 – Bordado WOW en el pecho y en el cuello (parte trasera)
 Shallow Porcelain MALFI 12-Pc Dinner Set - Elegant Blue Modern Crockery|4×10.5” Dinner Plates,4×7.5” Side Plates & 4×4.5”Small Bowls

----------------------------------------

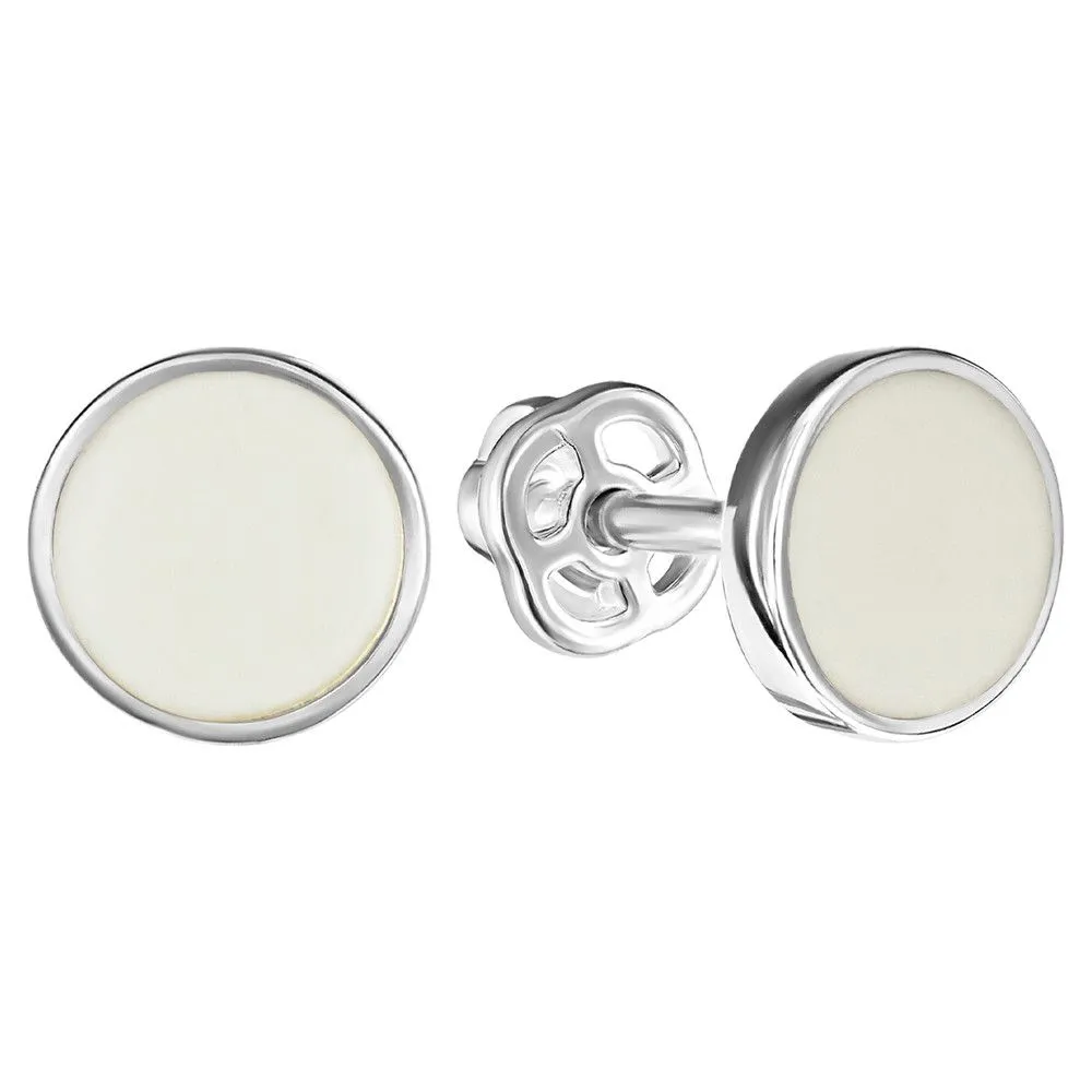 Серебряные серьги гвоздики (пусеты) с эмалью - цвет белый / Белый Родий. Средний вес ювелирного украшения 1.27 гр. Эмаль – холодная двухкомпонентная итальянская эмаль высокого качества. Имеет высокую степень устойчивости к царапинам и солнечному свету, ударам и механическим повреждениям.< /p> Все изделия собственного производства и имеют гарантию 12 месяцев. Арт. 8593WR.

----------------------------------------

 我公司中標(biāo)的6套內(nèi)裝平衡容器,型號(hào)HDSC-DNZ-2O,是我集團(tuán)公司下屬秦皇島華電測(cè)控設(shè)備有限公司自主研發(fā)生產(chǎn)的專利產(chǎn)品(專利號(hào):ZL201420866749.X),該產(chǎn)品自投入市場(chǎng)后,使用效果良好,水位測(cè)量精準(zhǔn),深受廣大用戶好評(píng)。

----------------------------------------

• Work order: Above are the records; from them, give again exactly the lines from the one containing "cuello (parte trasera)" to the one containing "Shallow Porcelain MALFI", both lines included, and nothing more.

• Exercise output:
 – Bordado WOW en el pecho y en el cuello (parte trasera)
 Shallow Porcelain MALFI 12-Pc Dinner Set - Elegant Blue Modern Crockery|4×10.5” Dinner Plates,4×7.5” Side Plates & 4×4.5”Small Bowls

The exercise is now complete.